Перестаньте кипятиться по пустякам. "Игра ума " (даже и фельетонная) в наше время на дороге не валяется. Так что считайте, что я Вам отдал должное. Она есть и у меня, Вы правы, но в куда меньшей степени, поскольку я этому свойству особенно не доверяю.

И перестаньте, пожалуйста, пугать себя и меня "организацией", которая является "инструментом нападения". Какое нападение, когда после каждого выступления Кожинова на него бросается целая свора продажных борзописцев — оскоцкие, николаевы, суровцевы — имя им легион. А перед ними открыты двери любой прессы. Вот о чем лучше подумайте.

"Наши лошади шли по цветам… " (Вы иронизируете: лошадей много, а цветов мало, и опять подтверждаете мою мысль о фельетонной игре ума.)

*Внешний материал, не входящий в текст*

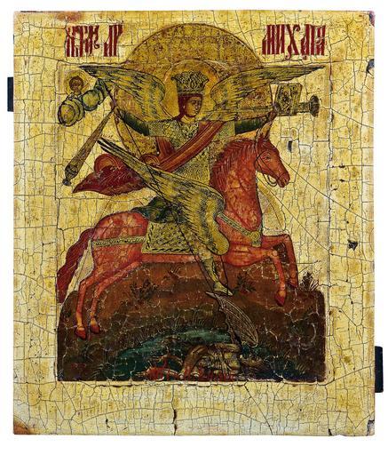 | Keywords: Icon of saint Michael horseman (Russia, 19th c., priv. coll.).jpg  St Michael Horseman of the Ap St Michael Horseman of the Apocalypse Egg tempera on wood panel with kovcheg Crowned with prominent outstretched wings astride a fiery winged horse the archangel blowing a golden trumpet raising a Book of Gospels and plunging his lance into the mouth of the Devil Christ Emmanuel appearing in swirling clouds in the left corners Rendered with saturated red and red colours complemented by gold details The background and the border stripped to gesso Russian 19th century 30 5 x 26 cm Russland 19 Jh http //www auctions-fischer de/catalogues/online-catalogues/207-i-russian-greek-icons html L 1 kategorie 93 artikel 24620 L 1 cHash 9ae84664fd century 19 anonymous Private collections of Russian art Files uploaded by Shakko from various sources PD-Art 19th-century icons of Russia Icons of Saint Michael horseman |

Стихи эти посвящены моему лучшему в жизни другу Эрнсту Портнягину. По отцу он Левин. Отец еврей, мать — русская. Я это пишу Вам для того, чтобы Вы не иронизировали по поводу "девичьих" фамилий Окуджавы и Кузнецова. Для меня не имеет значения, что по крови Портнягин еврей больше, чем Окуджава. Я воюю не с людьми, а с идеями и взглядами. У Портнягина же еврейская половина естественно и счастливо ассимилировалась русской (ленинский идеал разрешения еврейского вопроса. Поскольку Ваш отец-революционер был из ленинской гвардии, как я понимаю, Вам должно быть это близко и понятно). Если же Вам интересно, почему я любил этого человека Портнягина — прочитайте книгу моей критической и дневниковой прозы "Свободная стихия". Поглядите также книгу Эрнста, изданную мной после его смерти… В ней не только игра ума, но и свободная стихия жизни.

Что же касается Ваших рассуждений о Рубцове — то Вы правы, но мне всегда было мало только одной поэтической судьбы. Тем более что она, как правило, реализуется посмертно. Кстати, Вы пишете: "у Вас счастливая литературная судьба". Не завидуйте. Она вся вперекор обстоятельствам, а не по их воле. Попробуйте жить так сами, и узнаете, что стоит это "счастье".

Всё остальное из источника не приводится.